Analisis Yuridis Terhadap Penyelesaian Masalah Organisasi Papua Merdeka (OPM) dalam Perspektif Keadilan

Oleh : Richard Marihot Butarbutar, Mulyono, Tri Agus Suswantoro (Program Magister Hukum Kesehatan)

Kabaroman.com – Masalah penegakan hukum terhadap tindak pidana yang dilakukan oleh Organisasi Papua Merdeka (OPM) masih menjadi polemik serius di Indonesia. Permasalahan ini mencakup bagaimana regulasi dan implementasi hukum terhadap OPM dapat dilakukan di Papua, serta konsep ideal penegakan hukum dalam perspektif keadilan.

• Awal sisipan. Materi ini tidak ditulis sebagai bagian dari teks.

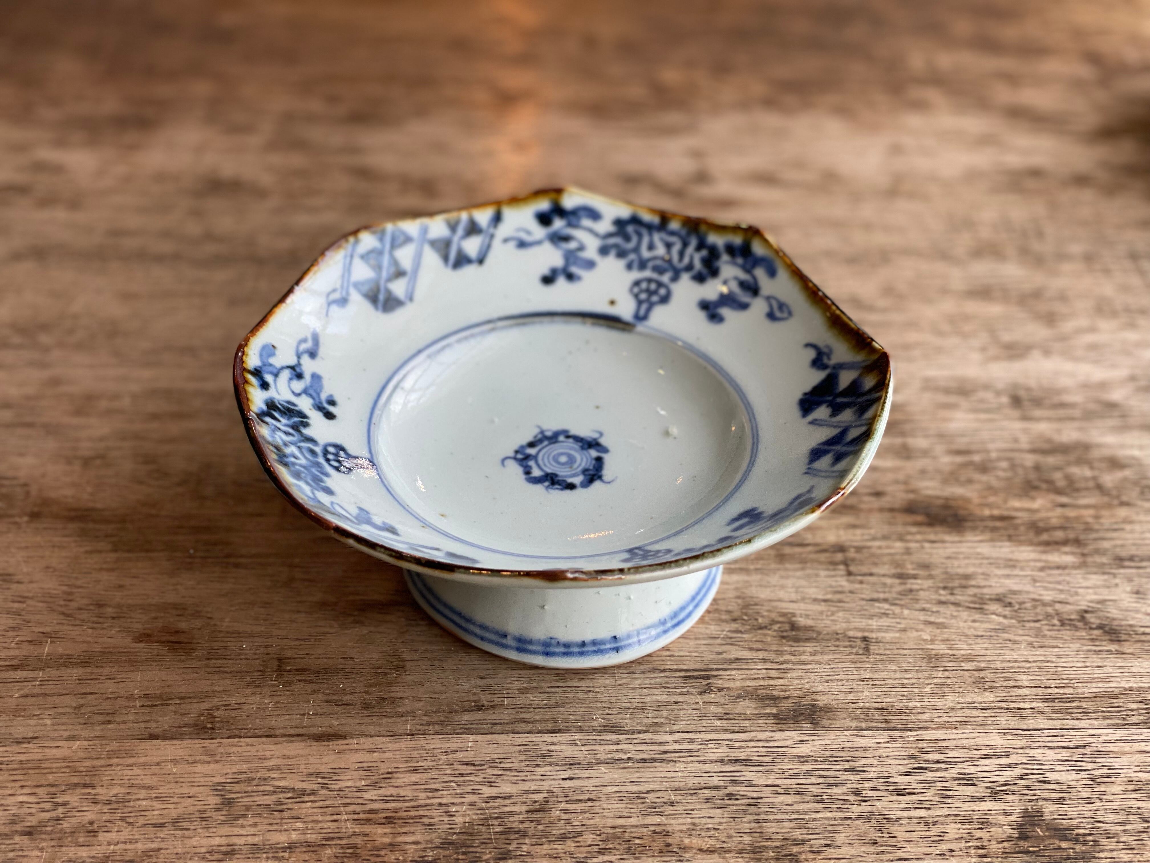 砥部焼/中田窯/6.5寸高台皿(呉須/鶏頭)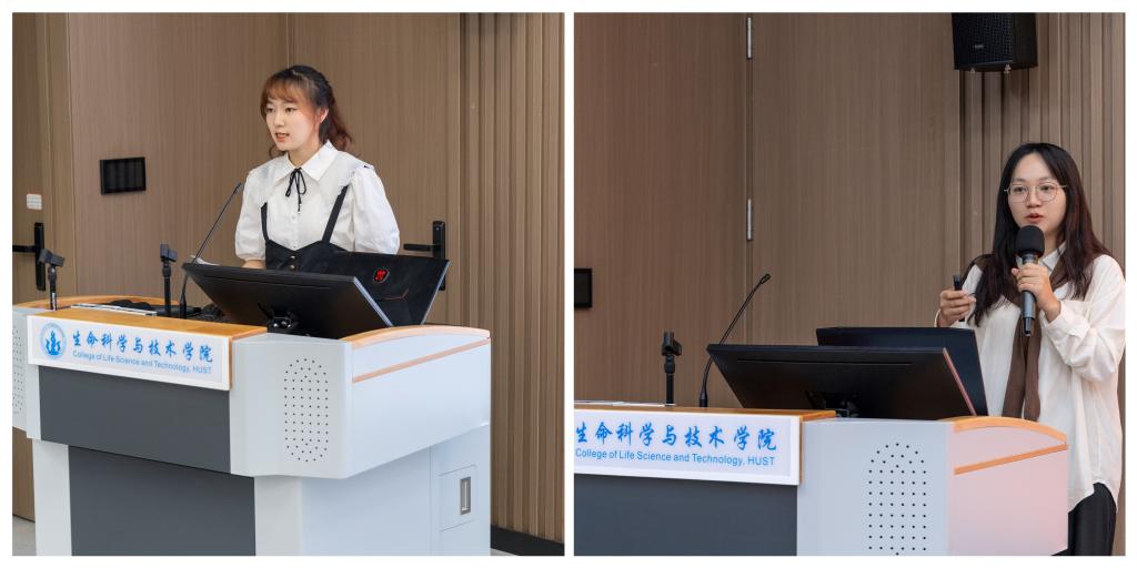 左:主持人、媒宣中心成员马艺菲;右:喻建美学宣讲团讲师陈银冰
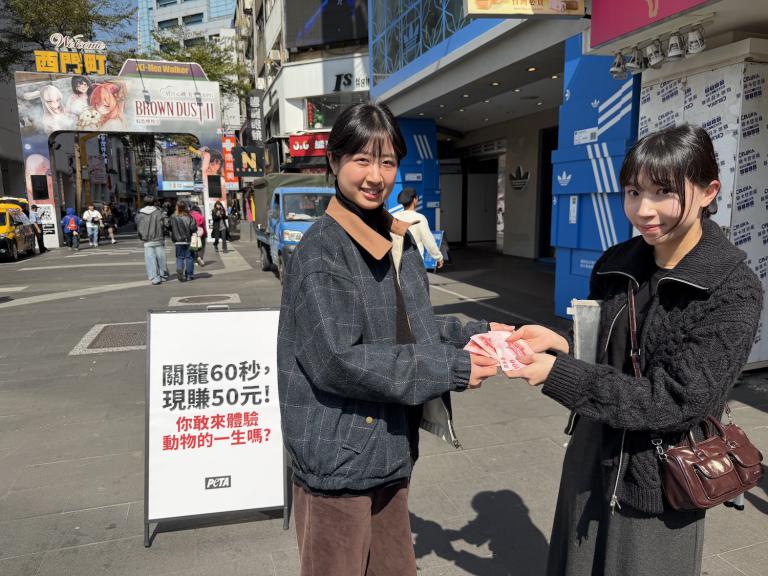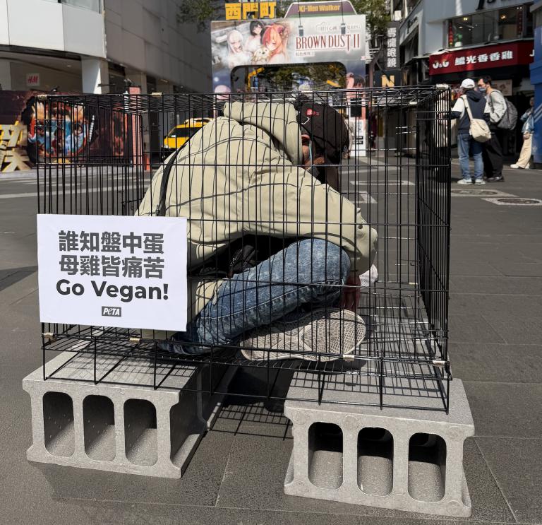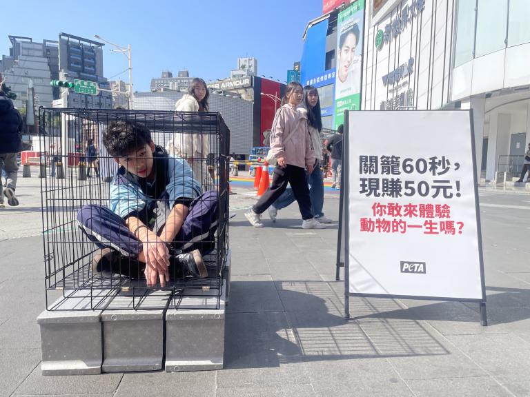 善待動物組織(PETA)今(10)日於台北西門町舉辦「籠中體驗」快閃行動,邀請民眾進入模擬蛋雞飼養環境的鐵籠中,實際感受動物在狹小空間內長期被囚禁的處境,藉此引發社會對蛋雞籠養制度的關注。

Penelitian yang dilakukan oleh Richard Marihot Butarbutar, Mulyono, dan Tri Agus Suswantoro menganalisis masalah ini menggunakan pendekatan yuridis normatif, dengan mengkaji berbagai norma hukum yang berlaku dalam perundang-undangan.

Penegakan hukum yang belum optimal terhadap OPM sering kali memicu konflik. Salah satu faktor penyebab ketidakoptimalan ini adalah pemberlakuan hukum adat, meskipun hukum positif seperti Undang-Undang Nomor 5 Tahun 2018 tentang Pemberantasan Tindak Pidana Terorisme sudah mengatur hal tersebut.

Penelitian ini menunjukkan bahwa pengaturan dan implementasi penegakan hukum terhadap OPM harus mempertimbangkan berbagai aspek, seperti kepatuhan terhadap hukum, kolaborasi dengan pihak terkait, pengembangan solusi jangka panjang, penggunaan kekuatan yang proporsional, dan pengawasan yang efektif.

Idealnya, penegakan hukum terhadap OPM harus sesuai dengan hukum nasional dan internasional, sambil tetap memperhatikan keadilan dan perlindungan Hak Asasi Manusia (HAM). Selain itu, diperlukan sinergi antara pemerintah dan masyarakat Papua serta pengembangan solusi jangka panjang untuk menyelesaikan konflik.

Gerakan separatisme seperti yang dilakukan OPM dapat dikategorikan sebagai kejahatan terhadap keamanan negara. Koes Dirgantara dalam penelitiannya menyatakan bahwa Kelompok Separatis Papua (KSP), yang kini disebut OPM, adalah pelaku pemberontakan.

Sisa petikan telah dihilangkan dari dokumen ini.